REQUIRED WORK
Could you copy the records below exactly, leaving out any pictures?

Content starts

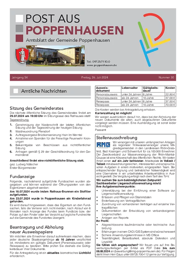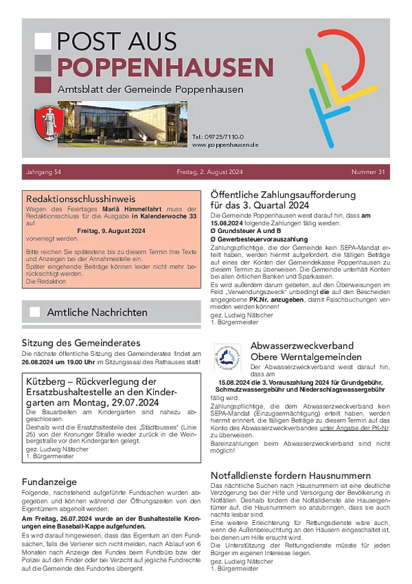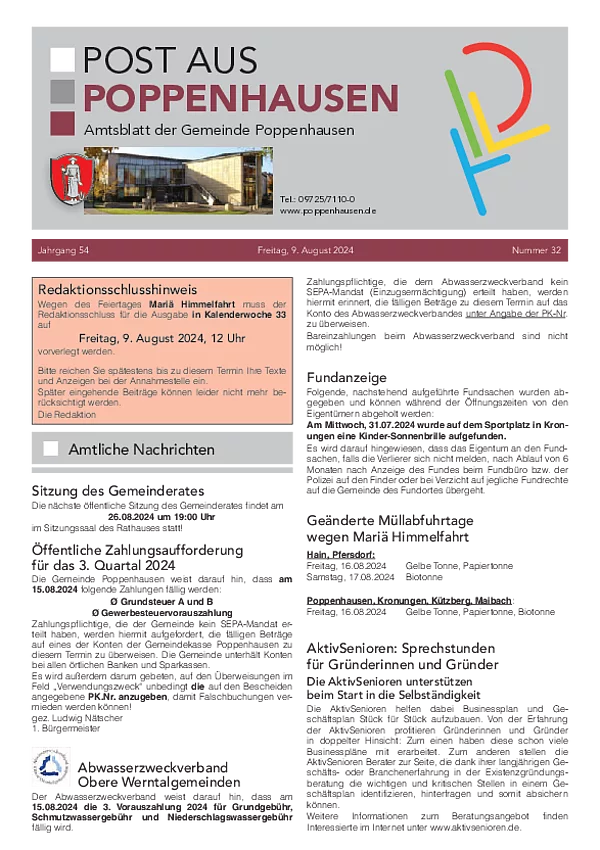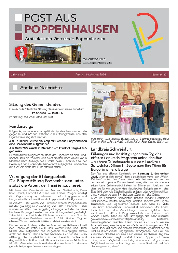 Ab 2025 erscheint die „Post aus Poppenhausen” 14-tägig in den geraden Kalenderwochen und wird immer freitags an die Haushalte aller Gemeindeteile kostenfrei verteilt.
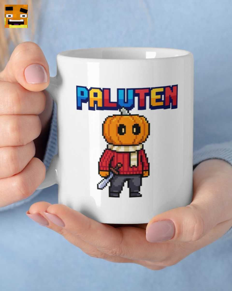 Dieses Design ist eine liebevolle Hommage an Palutens ikonischen Kürbiskopf-Charakter im unverkennbaren Minecraft-Stil. Die Kombination aus Pixel-Art, dem Schwert und dem bunten Schriftzug macht die Tasse zu einem sofort erkennbaren Stück Fan-Merchandise und einem echten Sammlerstück.
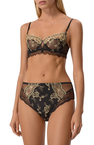 Бюстгальтер из коллекции Sublime en or выполнен из кружева Calais Leavers и эластичного тюля с цветочной металлизированной вышивкой. Модель с мягкими чашечками пуш-ап на косточках и регулируемыми бретелями украшена стразами на перемычке.
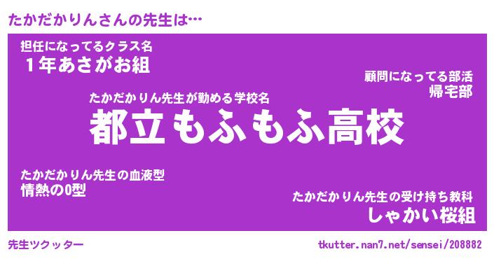 | 女子向けラノベタイトル風あだ名 | 『たかだかりん姫と円卓の騎士』 |
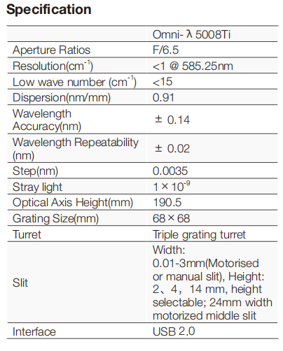 The triple monochromator is consisted of three image calibration monochromators by fine adjustments. The first two monochromators connected in subtractive dispersion mode to reduce stray light; the last two monochromators connected in additive dispersion mode to improve the resolution. The triple spectrometer is flexible for use in single, double and triple monochromator operation. Thanks to its tunable wavelength and adjustable notch, the triple spectrometer is mainly used for high-end Raman spectrum measurements, such as ultraviolet excitation Raman spectrum and low wavenumber Raman spectrum.

Content ends

EXERCISE OUTPUT
 Ab 2025 erscheint die „Post aus Poppenhausen” 14-tägig in den geraden Kalenderwochen und wird immer freitags an die Haushalte aller Gemeindeteile kostenfrei verteilt.
 Dieses Design ist eine liebevolle Hommage an Palutens ikonischen Kürbiskopf-Charakter im unverkennbaren Minecraft-Stil. Die Kombination aus Pixel-Art, dem Schwert und dem bunten Schriftzug macht die Tasse zu einem sofort erkennbaren Stück Fan-Merchandise und einem echten Sammlerstück.
 Бюстгальтер из коллекции Sublime en or выполнен из кружева Calais Leavers и эластичного тюля с цветочной металлизированной вышивкой. Модель с мягкими чашечками пуш-ап на косточках и регулируемыми бретелями украшена стразами на перемычке.
 | 女子向けラノベタイトル風あだ名 | 『たかだかりん姫と円卓の騎士』 |
 The triple monochromator is consisted of three image calibration monochromators by fine adjustments. The first two monochromators connected in subtractive dispersion mode to reduce stray light; the last two monochromators connected in additive dispersion mode to improve the resolution. The triple spectrometer is flexible for use in single, double and triple monochromator operation. Thanks to its tunable wavelength and adjustable notch, the triple spectrometer is mainly used for high-end Raman spectrum measurements, such as ultraviolet excitation Raman spectrum and low wavenumber Raman spectrum.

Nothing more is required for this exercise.